Desidéria
Desde que encontrei Desidéria, não tenho mais sossego.
É verdade que ela me falta por longos,
Longuíssimos tempos de espera.
Quando vem, me assombra.
Ou serei eu que assombro Desidéria?
Então nos engolfamos um no outro.
Eu a penetro todo inteiro.
Nela me expando como uma nuvem. Imensa,
Maior que o mundo todo. Miraculosa.
Assim viajo em Desidéria mundos impensados.
Uma vez, fomos ao lugar do Começo do Mundo.
Lá eu vi! Juro que vi!
A Boca Medonha do Sopro dos Ventos.
Vi-a, apavorado, redemoinhar a Terra,
Soprando tormentas, vendavais.
Outra vez, de Desidéria
Vi o Hórrido Lugar do Fim do Mundo.
Lá, o sol mergulha no mar.
É espantoso de ver o fremir das águas revoltas.

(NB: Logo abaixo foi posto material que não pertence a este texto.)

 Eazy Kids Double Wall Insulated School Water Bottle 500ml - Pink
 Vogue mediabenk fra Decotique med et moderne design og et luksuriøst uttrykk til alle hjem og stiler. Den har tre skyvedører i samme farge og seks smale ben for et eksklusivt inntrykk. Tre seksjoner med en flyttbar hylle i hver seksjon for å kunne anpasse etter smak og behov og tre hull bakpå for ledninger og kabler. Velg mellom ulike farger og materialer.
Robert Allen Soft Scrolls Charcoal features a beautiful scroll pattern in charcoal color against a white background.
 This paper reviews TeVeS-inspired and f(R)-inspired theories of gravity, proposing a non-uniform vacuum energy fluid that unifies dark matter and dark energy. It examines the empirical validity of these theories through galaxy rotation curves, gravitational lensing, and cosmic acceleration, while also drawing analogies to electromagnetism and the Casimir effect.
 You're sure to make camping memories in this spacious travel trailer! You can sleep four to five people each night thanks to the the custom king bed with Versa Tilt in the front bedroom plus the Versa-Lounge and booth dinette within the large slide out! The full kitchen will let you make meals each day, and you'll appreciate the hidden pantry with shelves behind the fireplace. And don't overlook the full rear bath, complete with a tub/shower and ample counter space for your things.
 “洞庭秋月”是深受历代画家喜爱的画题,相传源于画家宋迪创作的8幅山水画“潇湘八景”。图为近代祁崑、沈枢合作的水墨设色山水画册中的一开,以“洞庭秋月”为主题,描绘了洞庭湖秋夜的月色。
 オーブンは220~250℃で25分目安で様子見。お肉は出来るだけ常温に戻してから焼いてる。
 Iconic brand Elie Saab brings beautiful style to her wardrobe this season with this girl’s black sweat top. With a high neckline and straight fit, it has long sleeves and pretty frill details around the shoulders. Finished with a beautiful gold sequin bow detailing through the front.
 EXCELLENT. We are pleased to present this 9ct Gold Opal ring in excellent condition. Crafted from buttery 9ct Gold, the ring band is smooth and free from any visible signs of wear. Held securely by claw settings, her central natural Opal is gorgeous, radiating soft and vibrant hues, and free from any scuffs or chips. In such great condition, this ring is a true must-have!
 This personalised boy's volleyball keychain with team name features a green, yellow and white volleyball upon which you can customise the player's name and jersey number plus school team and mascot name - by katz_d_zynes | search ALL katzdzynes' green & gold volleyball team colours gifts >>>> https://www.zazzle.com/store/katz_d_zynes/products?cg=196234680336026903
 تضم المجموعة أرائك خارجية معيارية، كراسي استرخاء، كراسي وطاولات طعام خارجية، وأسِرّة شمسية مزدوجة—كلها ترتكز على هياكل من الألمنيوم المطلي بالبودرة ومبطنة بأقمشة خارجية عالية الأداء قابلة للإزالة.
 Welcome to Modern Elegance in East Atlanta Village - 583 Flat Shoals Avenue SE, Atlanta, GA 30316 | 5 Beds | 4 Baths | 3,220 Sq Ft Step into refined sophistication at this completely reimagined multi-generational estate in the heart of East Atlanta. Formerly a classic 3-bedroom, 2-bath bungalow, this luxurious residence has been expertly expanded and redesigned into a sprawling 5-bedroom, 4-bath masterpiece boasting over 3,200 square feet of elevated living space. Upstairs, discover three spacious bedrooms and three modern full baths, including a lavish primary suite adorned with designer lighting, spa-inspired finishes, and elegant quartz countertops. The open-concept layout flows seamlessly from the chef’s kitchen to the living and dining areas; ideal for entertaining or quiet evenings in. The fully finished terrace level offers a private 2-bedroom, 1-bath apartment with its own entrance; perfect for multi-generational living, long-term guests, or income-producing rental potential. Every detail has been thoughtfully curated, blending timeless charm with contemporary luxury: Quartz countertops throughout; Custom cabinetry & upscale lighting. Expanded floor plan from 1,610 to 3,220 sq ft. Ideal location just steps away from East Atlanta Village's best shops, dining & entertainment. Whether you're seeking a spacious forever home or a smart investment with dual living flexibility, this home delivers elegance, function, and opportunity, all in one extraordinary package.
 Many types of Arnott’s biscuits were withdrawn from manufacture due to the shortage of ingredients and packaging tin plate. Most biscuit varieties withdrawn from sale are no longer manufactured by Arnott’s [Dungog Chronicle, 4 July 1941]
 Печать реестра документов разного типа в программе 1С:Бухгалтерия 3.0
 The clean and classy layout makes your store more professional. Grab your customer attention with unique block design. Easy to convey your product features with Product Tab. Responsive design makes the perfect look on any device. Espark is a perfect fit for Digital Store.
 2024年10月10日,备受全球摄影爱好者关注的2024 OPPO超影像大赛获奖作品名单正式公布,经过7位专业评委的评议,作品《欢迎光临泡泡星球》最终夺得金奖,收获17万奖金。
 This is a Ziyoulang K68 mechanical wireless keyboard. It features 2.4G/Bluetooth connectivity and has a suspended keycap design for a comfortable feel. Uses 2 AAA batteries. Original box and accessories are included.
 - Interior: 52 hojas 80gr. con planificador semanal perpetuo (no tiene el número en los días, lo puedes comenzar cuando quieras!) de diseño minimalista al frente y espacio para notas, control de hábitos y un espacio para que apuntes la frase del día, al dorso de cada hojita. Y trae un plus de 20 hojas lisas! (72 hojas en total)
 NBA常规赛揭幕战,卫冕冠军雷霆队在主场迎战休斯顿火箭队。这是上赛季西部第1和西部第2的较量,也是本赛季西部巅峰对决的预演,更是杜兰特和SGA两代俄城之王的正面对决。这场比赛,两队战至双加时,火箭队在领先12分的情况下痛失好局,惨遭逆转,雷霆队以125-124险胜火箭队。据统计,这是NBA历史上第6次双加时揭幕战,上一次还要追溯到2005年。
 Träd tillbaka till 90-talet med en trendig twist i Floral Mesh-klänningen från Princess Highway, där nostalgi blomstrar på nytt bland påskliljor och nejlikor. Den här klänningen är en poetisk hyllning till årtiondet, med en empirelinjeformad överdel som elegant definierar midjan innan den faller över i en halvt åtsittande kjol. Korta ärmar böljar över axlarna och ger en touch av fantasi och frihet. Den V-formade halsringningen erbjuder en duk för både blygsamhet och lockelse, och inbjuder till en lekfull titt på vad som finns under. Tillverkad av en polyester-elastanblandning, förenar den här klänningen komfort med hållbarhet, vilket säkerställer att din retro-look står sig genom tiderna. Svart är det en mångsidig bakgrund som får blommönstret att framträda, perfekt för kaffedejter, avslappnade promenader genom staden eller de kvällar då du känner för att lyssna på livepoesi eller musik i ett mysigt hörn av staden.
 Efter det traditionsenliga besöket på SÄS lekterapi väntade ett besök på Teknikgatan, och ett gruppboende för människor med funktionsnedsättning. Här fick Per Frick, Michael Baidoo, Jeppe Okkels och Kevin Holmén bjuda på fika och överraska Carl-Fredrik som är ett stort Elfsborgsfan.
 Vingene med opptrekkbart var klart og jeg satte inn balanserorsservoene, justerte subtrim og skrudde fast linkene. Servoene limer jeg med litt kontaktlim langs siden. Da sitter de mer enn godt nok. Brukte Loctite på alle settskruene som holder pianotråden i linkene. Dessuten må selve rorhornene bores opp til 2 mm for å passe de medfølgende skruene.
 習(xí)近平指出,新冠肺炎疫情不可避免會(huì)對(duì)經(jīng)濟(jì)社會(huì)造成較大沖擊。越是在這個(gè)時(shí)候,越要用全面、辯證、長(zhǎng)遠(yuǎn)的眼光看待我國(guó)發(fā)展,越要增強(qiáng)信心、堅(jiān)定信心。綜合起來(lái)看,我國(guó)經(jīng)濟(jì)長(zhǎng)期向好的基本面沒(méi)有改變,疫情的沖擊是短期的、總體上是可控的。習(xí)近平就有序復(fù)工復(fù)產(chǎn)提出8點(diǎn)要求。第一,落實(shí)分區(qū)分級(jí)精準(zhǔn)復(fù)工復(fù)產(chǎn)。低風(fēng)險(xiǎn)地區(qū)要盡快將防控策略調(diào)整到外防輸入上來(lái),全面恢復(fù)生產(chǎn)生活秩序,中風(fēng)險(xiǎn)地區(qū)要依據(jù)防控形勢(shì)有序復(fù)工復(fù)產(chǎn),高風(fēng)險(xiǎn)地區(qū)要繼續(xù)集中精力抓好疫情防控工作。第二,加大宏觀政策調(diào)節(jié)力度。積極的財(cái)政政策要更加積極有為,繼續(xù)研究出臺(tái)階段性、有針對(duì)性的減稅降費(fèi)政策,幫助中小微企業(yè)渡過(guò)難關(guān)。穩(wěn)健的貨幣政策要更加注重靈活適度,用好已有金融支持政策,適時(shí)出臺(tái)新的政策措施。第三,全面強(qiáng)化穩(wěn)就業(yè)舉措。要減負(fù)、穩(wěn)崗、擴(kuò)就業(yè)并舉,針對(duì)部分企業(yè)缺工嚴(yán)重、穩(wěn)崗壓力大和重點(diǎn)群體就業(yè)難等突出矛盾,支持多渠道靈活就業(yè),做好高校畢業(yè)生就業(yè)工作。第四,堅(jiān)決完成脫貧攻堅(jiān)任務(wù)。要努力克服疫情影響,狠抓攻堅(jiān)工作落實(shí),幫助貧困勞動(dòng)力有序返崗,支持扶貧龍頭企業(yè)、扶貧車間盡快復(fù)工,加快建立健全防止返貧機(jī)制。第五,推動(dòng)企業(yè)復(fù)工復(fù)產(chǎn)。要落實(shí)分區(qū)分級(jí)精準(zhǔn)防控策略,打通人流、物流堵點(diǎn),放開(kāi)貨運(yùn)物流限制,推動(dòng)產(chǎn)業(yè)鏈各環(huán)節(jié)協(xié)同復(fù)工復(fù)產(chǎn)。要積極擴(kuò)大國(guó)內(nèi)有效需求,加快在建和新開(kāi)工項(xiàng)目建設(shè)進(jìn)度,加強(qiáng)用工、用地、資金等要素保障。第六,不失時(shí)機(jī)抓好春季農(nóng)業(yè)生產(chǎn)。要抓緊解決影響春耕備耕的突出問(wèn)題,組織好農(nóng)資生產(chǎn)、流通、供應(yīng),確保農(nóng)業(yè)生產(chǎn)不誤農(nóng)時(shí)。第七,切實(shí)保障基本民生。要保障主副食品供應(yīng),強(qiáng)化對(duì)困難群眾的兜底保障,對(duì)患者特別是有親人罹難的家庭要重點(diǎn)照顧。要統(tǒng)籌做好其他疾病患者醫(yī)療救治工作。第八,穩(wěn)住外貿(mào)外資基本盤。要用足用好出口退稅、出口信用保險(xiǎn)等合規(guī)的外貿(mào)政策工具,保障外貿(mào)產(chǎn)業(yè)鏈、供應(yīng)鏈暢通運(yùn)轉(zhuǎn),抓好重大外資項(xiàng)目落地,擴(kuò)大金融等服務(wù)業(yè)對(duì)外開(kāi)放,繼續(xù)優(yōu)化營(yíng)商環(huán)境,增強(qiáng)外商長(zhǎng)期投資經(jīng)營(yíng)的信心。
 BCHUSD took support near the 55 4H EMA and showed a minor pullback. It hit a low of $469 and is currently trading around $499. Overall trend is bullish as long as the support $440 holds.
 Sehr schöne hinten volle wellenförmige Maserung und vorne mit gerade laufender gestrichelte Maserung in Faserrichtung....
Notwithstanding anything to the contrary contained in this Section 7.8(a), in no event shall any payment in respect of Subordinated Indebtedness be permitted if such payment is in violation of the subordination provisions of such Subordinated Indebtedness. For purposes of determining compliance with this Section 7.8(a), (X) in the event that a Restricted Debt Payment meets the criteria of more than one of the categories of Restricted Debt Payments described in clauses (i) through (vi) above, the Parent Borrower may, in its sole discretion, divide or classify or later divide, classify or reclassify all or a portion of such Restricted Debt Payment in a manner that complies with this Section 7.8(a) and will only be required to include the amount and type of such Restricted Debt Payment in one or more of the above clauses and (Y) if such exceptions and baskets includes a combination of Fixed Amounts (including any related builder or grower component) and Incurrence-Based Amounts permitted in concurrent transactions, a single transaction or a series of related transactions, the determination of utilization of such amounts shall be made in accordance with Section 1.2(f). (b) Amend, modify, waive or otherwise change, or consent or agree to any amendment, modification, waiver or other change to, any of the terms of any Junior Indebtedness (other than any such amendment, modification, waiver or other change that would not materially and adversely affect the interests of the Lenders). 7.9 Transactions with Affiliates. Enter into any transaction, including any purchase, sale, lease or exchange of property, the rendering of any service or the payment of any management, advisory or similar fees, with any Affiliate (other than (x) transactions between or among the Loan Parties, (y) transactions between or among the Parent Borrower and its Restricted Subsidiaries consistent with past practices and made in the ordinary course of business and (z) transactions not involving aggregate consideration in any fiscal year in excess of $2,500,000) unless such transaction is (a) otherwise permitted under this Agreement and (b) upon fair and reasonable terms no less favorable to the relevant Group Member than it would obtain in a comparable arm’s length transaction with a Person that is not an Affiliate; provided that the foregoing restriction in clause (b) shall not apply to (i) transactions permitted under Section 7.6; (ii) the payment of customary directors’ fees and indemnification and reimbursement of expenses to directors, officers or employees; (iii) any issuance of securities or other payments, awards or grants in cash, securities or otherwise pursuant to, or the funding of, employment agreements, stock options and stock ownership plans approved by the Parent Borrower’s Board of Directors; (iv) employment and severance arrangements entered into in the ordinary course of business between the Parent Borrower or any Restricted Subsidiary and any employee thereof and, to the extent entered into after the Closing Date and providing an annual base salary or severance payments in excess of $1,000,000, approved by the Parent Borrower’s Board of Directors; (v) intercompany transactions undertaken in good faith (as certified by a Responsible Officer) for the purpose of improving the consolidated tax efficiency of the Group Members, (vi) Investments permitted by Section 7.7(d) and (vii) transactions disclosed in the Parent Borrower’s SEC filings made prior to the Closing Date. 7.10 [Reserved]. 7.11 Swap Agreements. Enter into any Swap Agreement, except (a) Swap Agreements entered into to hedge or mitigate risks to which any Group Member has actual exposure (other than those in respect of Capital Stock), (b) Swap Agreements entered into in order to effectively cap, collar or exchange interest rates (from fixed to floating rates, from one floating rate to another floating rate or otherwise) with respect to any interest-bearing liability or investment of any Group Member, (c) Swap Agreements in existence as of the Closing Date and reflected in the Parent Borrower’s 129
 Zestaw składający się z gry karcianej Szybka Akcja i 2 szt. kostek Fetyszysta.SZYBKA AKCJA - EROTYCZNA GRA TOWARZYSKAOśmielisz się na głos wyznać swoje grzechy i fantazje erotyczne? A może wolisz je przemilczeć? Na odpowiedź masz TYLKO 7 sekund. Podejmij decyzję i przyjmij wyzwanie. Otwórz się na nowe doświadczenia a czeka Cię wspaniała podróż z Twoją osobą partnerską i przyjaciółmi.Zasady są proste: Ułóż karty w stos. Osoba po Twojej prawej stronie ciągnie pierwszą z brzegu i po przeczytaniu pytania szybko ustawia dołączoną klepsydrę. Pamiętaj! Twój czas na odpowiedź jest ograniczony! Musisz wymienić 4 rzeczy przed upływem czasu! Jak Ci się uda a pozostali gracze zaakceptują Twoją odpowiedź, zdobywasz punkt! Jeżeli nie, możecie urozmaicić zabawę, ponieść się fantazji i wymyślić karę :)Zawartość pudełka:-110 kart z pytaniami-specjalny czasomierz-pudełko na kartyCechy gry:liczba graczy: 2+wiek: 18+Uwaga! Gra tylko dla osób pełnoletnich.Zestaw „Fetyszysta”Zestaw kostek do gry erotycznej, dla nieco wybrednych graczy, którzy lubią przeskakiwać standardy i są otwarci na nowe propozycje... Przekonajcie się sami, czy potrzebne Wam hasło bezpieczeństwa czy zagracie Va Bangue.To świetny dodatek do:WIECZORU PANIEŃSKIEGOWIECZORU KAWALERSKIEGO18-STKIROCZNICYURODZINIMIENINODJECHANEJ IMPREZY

Ferventes, elas explodem, jorrando nuvens,
Para chover dilúvios mundo afora.
Uma vez mais Desidéria me levou, alçado.
Me largou, sem ela, na Selva Selvagem.
Desde o alto do céu me dispersou
Sobre aquela miríade de mil árvores.
Como seu ar florestal.
Lá me perdi para sempre de mim e dela,
Sentindo o vento descabelar as frondes.
Oh, Desidéria, não me venha nunca mais, Desidéria.
Ou, se deve vir, que venha logo.
Me leve em seu corpo etéreo no Lugar Temido.
Sei que de lá ninguém voltou jamais.
Jamais ninguém voltou de lá.
Para contar! Para calar!
Lá estarei eternamente dissolto em Desidéria
Como o sal nas águas do mar.
Sábado de Carnaval – 1991
Confissões / Darcy Ribeiro – São Paulo: Companhia das Letras, 1997, pág. 563.